Mais, comme me le répète souvent mon manager “On ne donne pas à boire à un âne qui n’a pas soif”. Il faut que ce soit lui qui nous le demande et pour cela, il faut qu’il en ait envie.
L’exemple de la Samaritaine est particulièrement illustratif : elle ne semblait pas avoir de besoin spirituel particulier. Elle semblait ne se soucier que de ses petits problèmes quotidiens, comme ne pas aller trop souvent au puits. Mais le Christ lui a montré un chemin plus élevé : il lui a donné soif, il lui a fait désirer “l’eau vive”. Et c’est elle qui, après, lui a demandé de rester avec eux.
Le mariage a une véritable valeur spirituelle, qu’Osée découvre et que St Paul révélera pleinement : l’amour de Dieu s’apparente à des noces.
“Pour décrire la nouvelle intervention divine qui réparera et consommera l’histoire de son peuple, il va introduire une image destinée à un immense avenir. C’est l’image des noces, figuration toute spontanée de son intuition révélatrice de la hésèd, de l’amour miséricordieux de Yahve, telle que celle-ci avait jailli de sa propre existence. […]
Je te fiancerai à moi pour toujours;
je te fiancerai à moi dans la justice et le jugement;
dans la grâce et la tendresse;
je te fiancerai à moi dans la fidélité
et tu connaîtras Yahvé.” (Louis Boyer) 5Louis Bouyer, La Bible et l’Évangile, p69, Cerf.
Les personnes mariées vivent cette expérience toute particulière : l’union de Dieu à son peuple, se matérialise dans leur union propre. Elle est sanctifiée. Mais cette sanctification ne vise pas une gloire toute humaine. Elle vise à exprimer cette hésèd de Dieu. C’est cette conscience qui doit être la joie – cette joie toute surnaturelle – du couple : nous sommes sauvés par le Christ, par et dans notre mariage.
Les couples mariés doivent être, une expression de l’amour miséricordieux de Dieu. Ils doivent attirer et donner envie de vivre la même chose. Le fait qu’un couple “fonctionne”, ne doit donc pas être un motif de gloire pour les époux, mais plutôt un appel constant à la prise de conscience, car chaque couple est fragile et chaque couple nécessite la miséricorde divine.

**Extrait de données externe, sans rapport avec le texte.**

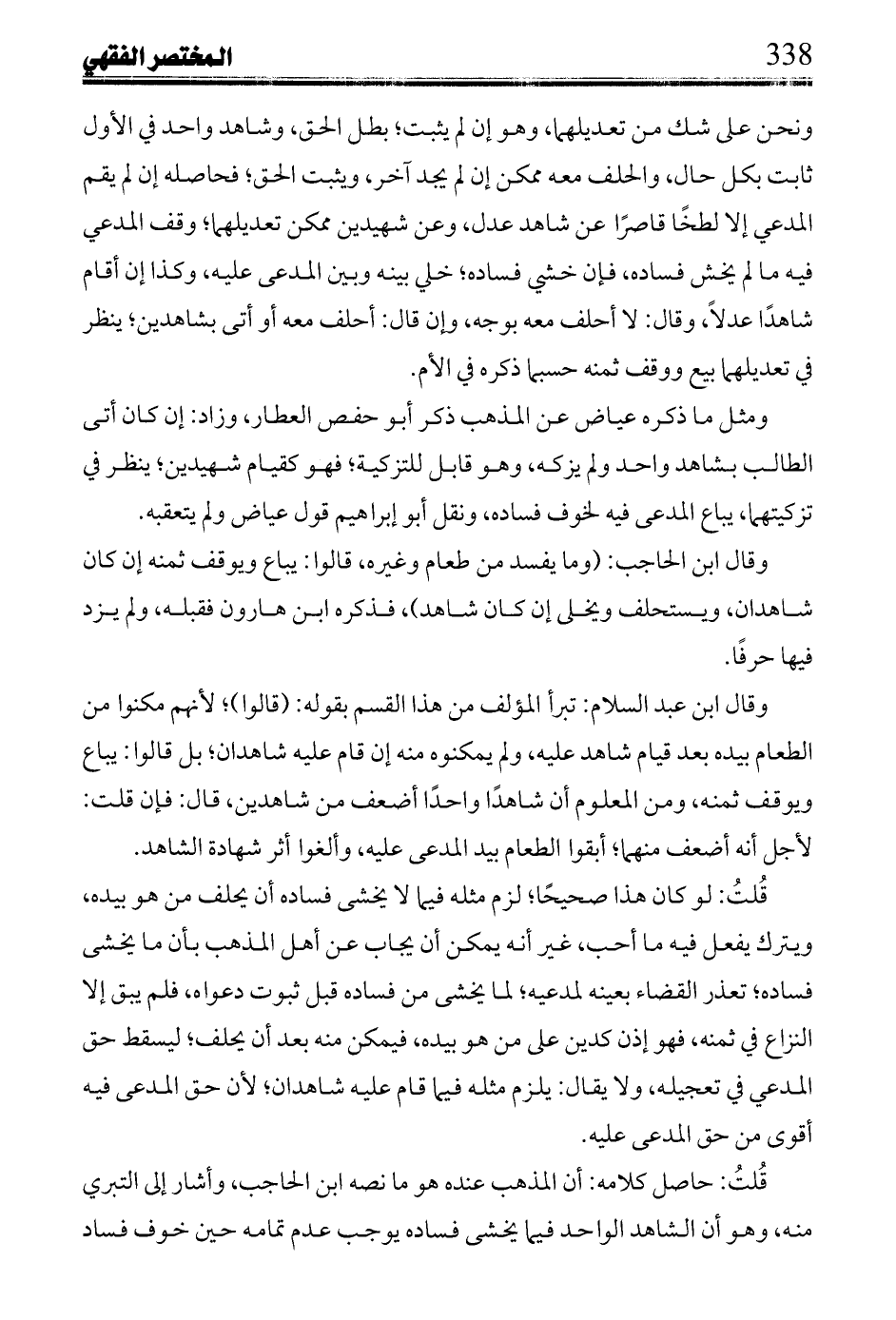 وقال ابن الحاجب: (وما يفسد من طعام وغيره، قالوا: يباع وبوقف ثمنه إن كان شاهدان، ويستحلف ويخلي إن كان شاهد)، ف 1 كره ابن هارون فقبله، ولم يزد فيها حرفاً.

Un couple uni, ne peut donc pas être “donneur de leçon” vis-à-vis de ceux qui le sont moins ou plus, mais bien plutôt des dispensateurs de la miséricorde divine dont ils sont des signes. Car c’est toujours Dieu qui nous aime le premier.
Nous devons donc commencer à aimer le prochain, avant même qu’il aime Dieu. “Aimez-vous les uns les autres comme moi je vous ai aimé” nous dit le Christ. Cela ne concerne pas seulement l’intensité, mais la démarche gratuite d’amour, vis-à-vis de celui qui est loin, dans les “périphéries”.
C’est cet exemple d’ouverture qui permettra à ceux qui se sont éloignés, pour une raison ou une autre, du chemin ecclésial, d’y revenir. Et à ceux qui ne le connaissent pas, de le rejoindre. Mais cela ne tiendra que si nous avons sans cesse en tête, le fait que nous avons été les premiers à bénéficier de la hésèd de Dieu.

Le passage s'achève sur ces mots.